Wilkes won tens of millions of dollars worth of defense contracts for his companies through the process of closed-door congressional earmarking of the federal budget. Many of the contracts Wilkes secured were for projects the Pentagon never requested.

The timing of Wilkes' many political donations closely parallels the approval of earmarks for Wilkes' companies. Travis County District Attorney Ronnie Earle, who is prosecuting Tom DeLay in Texas, subpoenaed records related to contributions to DeLay by Brent Wilkes' business associates at his company PerfectWave.

Aside from monetary contributions, Wilkes provided many favors to congressmen, including the use of a corporate jet.

Wilkes took Cunningham on several out-of-state trips on a corporate jet, and let Cunningham use his powerboat as well. Tom DeLay flew on Wilkes' jet at least three times between 2003 and 2005, and sources claim that House Speaker Dennis Hastert flew on Wilkes' jet several times as well.

Wilkes held wild poker parties in the Watergate Hotel.

Wilkes has earned notoriety for hosting “poker parties” in prominent hotels around Washington, including the Watergate Hotel and the Westin Grand.
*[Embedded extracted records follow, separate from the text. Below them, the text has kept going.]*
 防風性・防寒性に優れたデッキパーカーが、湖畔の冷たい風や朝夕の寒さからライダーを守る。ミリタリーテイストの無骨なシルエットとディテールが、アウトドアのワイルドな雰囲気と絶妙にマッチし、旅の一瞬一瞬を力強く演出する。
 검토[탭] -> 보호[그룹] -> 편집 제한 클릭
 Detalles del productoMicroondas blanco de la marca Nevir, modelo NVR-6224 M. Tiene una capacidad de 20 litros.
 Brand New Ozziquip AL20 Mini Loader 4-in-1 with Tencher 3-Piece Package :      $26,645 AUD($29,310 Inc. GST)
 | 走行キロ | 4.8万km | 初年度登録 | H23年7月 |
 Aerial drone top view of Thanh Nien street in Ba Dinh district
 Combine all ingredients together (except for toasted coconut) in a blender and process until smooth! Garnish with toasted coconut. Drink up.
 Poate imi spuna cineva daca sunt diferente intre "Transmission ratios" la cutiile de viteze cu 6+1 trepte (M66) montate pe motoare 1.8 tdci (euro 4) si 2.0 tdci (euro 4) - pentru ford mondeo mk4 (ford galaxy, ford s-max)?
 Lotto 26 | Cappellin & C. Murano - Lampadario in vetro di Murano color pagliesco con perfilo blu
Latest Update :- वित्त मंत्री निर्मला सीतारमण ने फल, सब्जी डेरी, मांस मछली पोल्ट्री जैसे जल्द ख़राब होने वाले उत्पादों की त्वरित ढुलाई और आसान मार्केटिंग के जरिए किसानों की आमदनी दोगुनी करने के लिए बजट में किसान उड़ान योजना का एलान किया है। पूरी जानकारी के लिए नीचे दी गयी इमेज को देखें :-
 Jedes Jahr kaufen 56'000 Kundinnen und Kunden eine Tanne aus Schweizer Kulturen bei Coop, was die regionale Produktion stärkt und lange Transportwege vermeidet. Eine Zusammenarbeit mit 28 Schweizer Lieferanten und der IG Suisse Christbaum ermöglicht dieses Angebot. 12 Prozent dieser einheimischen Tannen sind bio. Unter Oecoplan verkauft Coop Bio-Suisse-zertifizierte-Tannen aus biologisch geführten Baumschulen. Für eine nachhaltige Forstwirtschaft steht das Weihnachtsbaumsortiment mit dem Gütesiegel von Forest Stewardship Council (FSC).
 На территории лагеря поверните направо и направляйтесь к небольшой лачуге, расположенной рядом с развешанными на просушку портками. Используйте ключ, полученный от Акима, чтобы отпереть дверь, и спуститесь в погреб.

In attendance were contractors, lobbyists, CIA agents like Dusty Foggo and Brant “Nine Fingers” Brasset, congressmen (including Duke Cunningham) and congressional staff. In addition to providing plenty of liquor and Cuban cigars, Wilkes also allegedly provided prostitutes for his guests.

Wilkes won contracts for his company PerfectWave through earmarks by Representative John Doolittle.

Rep. John Doolittle, a member of the House Appropriations Committee, admitted to steering $37 million in defense contracts toward PerfectWave between 2002 and 2005, contracts not requested by the Navy. PerfectWave donated at least $85,000 to Doolittle and his political action committee during the same time period.

In a January 2006 statement Doolittle claimed his backing for PerfectWave was "based solely on the project's merits and the written support of the military." However, the only evidence Doolittle's office could offer to show military support for PerfectWave was a letter of praise from Marine Corps program manager Robert Lusardi, dated two and a half years after PerfectWave got its first earmark.

Wilkes' lobbying firm, Group W, retained Alexander Strategy Group, a lobbying firm known for direct access to Tom DeLay.

Less than a month after Wilkes took over at PerfectWave in 2002, he hired Alexander Strategy Group to help the company win appropriations from defense and intelligence agencies. Alexander Strategy Group was a lobbying firm headed by Tom DeLay's former Chief of Staff, Ed Buckham, and staffed by former DeLay employees. The firm had a well-publicized reputation as a conduit to DeLay's office. Between 2002 and 2005, Wilkes paid the firm $630,000 in lobbying fees.

Wilkes was sued by a former business partner, for whom Wilkes promised he could procure $25 million in defense contracts but failed to do so.

In 2003 Wilkes told business partner Randy Beck that for $1.5 million in lobbying fees and related expenses, he could get a $25 million Navy contract for technologies that Beck was developing.  Beck agreed to the deal and mortgaged his home to raise money to pay Wilkes' lobbying fees.

Wilkes failed to obtain the contracts that he promised.  Despite his failure to deliver, Wilkes demanded that Beck pay the remainder of the lobbying fees.  In July 2005 the two men sued each other, with Wilkes seeking payment for his services and Beck accusing Wilkes of a breach of contract. The matter was settled out of court last fall, with both parties bound by an agreement not to discuss the outcome.